ASSIGNED TASK
Give back the full data, unchanged and complete.

===============

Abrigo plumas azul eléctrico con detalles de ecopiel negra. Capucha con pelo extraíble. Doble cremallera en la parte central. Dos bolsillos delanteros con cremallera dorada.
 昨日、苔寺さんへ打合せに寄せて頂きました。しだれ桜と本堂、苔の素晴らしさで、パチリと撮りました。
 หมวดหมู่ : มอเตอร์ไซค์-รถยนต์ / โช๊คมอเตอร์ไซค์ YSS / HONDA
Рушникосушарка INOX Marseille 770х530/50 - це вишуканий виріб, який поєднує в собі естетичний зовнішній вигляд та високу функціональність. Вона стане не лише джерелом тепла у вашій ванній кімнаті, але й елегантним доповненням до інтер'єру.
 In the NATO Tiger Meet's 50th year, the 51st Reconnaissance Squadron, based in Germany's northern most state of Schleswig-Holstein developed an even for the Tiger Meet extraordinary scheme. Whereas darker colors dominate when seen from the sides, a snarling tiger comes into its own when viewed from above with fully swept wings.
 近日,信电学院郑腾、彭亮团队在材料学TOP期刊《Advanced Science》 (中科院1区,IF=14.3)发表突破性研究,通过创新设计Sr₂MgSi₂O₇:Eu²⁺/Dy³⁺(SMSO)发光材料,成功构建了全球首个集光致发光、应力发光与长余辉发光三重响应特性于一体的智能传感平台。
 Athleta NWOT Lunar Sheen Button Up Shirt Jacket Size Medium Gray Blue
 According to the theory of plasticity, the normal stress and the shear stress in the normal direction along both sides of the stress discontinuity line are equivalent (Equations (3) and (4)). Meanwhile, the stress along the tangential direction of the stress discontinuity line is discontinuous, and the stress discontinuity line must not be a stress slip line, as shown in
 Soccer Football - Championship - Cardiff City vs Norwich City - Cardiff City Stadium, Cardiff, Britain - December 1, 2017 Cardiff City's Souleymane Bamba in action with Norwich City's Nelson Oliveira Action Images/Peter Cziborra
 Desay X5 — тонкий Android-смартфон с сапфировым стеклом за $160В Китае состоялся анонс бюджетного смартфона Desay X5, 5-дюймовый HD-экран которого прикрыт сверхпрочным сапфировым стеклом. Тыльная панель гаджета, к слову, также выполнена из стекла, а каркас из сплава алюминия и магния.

===============

OUTPUT FOR THIS EXERCISE
Abrigo plumas azul eléctrico con detalles de ecopiel negra. Capucha con pelo extraíble. Doble cremallera en la parte central. Dos bolsillos delanteros con cremallera dorada.
 昨日、苔寺さんへ打合せに寄せて頂きました。しだれ桜と本堂、苔の素晴らしさで、パチリと撮りました。
 หมวดหมู่ : มอเตอร์ไซค์-รถยนต์ / โช๊คมอเตอร์ไซค์ YSS / HONDA
Рушникосушарка INOX Marseille 770х530/50 - це вишуканий виріб, який поєднує в собі естетичний зовнішній вигляд та високу функціональність. Вона стане не лише джерелом тепла у вашій ванній кімнаті, але й елегантним доповненням до інтер'єру.
 In the NATO Tiger Meet's 50th year, the 51st Reconnaissance Squadron, based in Germany's northern most state of Schleswig-Holstein developed an even for the Tiger Meet extraordinary scheme. Whereas darker colors dominate when seen from the sides, a snarling tiger comes into its own when viewed from above with fully swept wings.
 近日,信电学院郑腾、彭亮团队在材料学TOP期刊《Advanced Science》 (中科院1区,IF=14.3)发表突破性研究,通过创新设计Sr₂MgSi₂O₇:Eu²⁺/Dy³⁺(SMSO)发光材料,成功构建了全球首个集光致发光、应力发光与长余辉发光三重响应特性于一体的智能传感平台。
 Athleta NWOT Lunar Sheen Button Up Shirt Jacket Size Medium Gray Blue
 According to the theory of plasticity, the normal stress and the shear stress in the normal direction along both sides of the stress discontinuity line are equivalent (Equations (3) and (4)). Meanwhile, the stress along the tangential direction of the stress discontinuity line is discontinuous, and the stress discontinuity line must not be a stress slip line, as shown in
 Soccer Football - Championship - Cardiff City vs Norwich City - Cardiff City Stadium, Cardiff, Britain - December 1, 2017 Cardiff City's Souleymane Bamba in action with Norwich City's Nelson Oliveira Action Images/Peter Cziborra
 Desay X5 — тонкий Android-смартфон с сапфировым стеклом за $160В Китае состоялся анонс бюджетного смартфона Desay X5, 5-дюймовый HD-экран которого прикрыт сверхпрочным сапфировым стеклом. Тыльная панель гаджета, к слову, также выполнена из стекла, а каркас из сплава алюминия и магния.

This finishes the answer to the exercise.